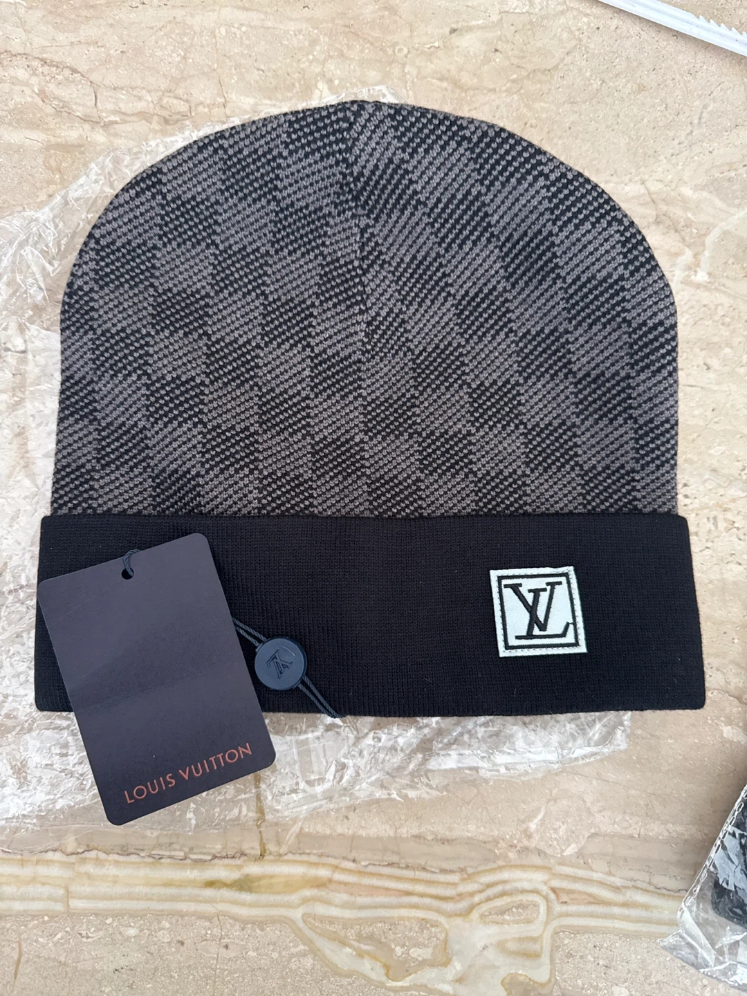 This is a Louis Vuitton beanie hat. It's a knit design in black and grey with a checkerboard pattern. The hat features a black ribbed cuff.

———

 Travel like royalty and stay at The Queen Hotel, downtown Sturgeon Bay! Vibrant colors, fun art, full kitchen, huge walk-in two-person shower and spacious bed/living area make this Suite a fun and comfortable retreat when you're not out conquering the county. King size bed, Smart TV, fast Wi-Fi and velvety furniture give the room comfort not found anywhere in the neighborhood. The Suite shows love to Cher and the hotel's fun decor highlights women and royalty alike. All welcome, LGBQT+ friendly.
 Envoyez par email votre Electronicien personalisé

———

§ **Brief**:
Set down, exactly as they appear above, all lines from the one that has "Travel like royalty" down to the one that has "Envoyez par email", including those two and no others.

§ **Response to the exercise**:
 Travel like royalty and stay at The Queen Hotel, downtown Sturgeon Bay! Vibrant colors, fun art, full kitchen, huge walk-in two-person shower and spacious bed/living area make this Suite a fun and comfortable retreat when you're not out conquering the county. King size bed, Smart TV, fast Wi-Fi and velvety furniture give the room comfort not found anywhere in the neighborhood. The Suite shows love to Cher and the hotel's fun decor highlights women and royalty alike. All welcome, LGBQT+ friendly.
 Envoyez par email votre Electronicien personalisé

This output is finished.